GOLF club chiefs are suing an Inverclyde landowner after their course was churned up by around a dozen escaped horses.

The equine hoofing on the fairways and greens of Port Glasgow – which lasted at least six hours – caused an estimated £36,000 worth of damage.

Now the proprietor of a field where the animals were kept is facing a legal battle after witnesses declared that fencing – which should have kept them penned in – was ‘non-existent’.

The revelations emerged during the trial of Kilmacolm farmer William Baxter, who was cleared of a charge of maliciously driving his tractor through the fence at speed.

Golf club secretary Gordon Foster told Greenock Sheriff Court how he was alerted to the fact that 11 horses were on the course on October 20 2014.

Mr Foster said: “I got a call from the head greenkeeper at 8am.

“We had to phone the police and we tried our best to gather up the horses.

“It took us all day, until about two o’clock in the afternoon.”

Mr Foster, three greenkeepers and a neighbouring farmer were involved in the emergency corralling operation.

The club secretary said: “We got some buckets of food and the horses started to follow us down the third fairway.

“They had been on the third fairway, the fifth fairway and also behind the fifth tee.

“We were also trying to keep them off of the 14th green.”

The court heard that there had been an almost identical incident of horses encroaching onto the golf course in November 2013.

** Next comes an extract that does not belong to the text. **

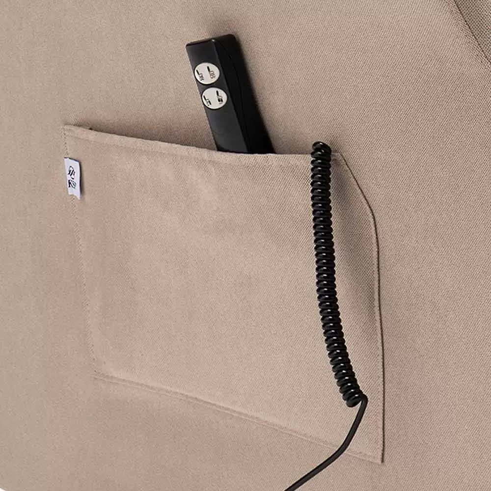 The Lift and Relax technologies allow you to accompany the movements when you sit and stand up. The practical remote control allows you to independently adjust the position of the backrest and footrest , according to your relaxation needs. The Roller System has 4 wheels activated by a footrest lever, positioned on the back of the chair, which allow easy movement within the home , without effort.

Club bosses were forced to reduce the size of the course from 18 holes to 12 holes and they also suffered a dip in membership numbers in the wake of that episode, it was stated.

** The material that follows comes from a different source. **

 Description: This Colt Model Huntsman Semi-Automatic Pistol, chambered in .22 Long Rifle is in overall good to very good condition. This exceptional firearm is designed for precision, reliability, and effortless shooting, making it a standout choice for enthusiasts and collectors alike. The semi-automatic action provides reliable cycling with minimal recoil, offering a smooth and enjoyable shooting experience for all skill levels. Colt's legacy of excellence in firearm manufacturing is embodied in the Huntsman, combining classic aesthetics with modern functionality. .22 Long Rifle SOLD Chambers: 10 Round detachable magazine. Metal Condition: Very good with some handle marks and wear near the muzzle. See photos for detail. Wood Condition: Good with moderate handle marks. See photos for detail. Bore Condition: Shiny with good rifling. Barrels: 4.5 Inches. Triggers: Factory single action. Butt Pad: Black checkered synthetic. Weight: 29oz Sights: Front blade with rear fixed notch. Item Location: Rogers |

The court heard that the land on which the horses were being kept - at High Auchenleck Farm in Port Glasgow - is owned by a Mark Graham.

Farmer William Baxter, of nearby Gryffeside Farm, Kilmacolm, had been accused of ramming the fencing with his tractor sometime between October 1 and 29 2014.

But a succession of defence witnesses told how the barrier was never fit to keep the animals confined within the field.

The golf club’s head greenkeeper of 26 years standing, James McCurdy, said: “The fence that was meant to contain the horses was non-existent.”

Port woman Caroline Turner - who had kept two horses on Mr Graham’s land between December 2013 and April 2014 – said: “The fencing just wasn’t secure.

“I was getting phone calls through the night to go and get horses.”

Miss Turner told how she had been in contact with one of two women who lease the field from Mr Graham, adding: “I was like, ‘How can you lose 11 horses?’.

Sheriff Craig Turnbull found Mr Baxter not guilty following a two-day trial.

The lawman said: “It is not necessary for me to go into all of the evidence.

“I am not satisfied who the relevant part of the fence belongs to, or where this happened - if it happened at all.”

Mr Baxter said afterwards: “It is a big relief that this is over.

“A person can make an allegation and it costs them nothing, but this has cost me huge sums of money to defend myself.”

It is understood that a hearing into Port Glasgow Golf Club’s claim against Mr Graham is scheduled to take place in May.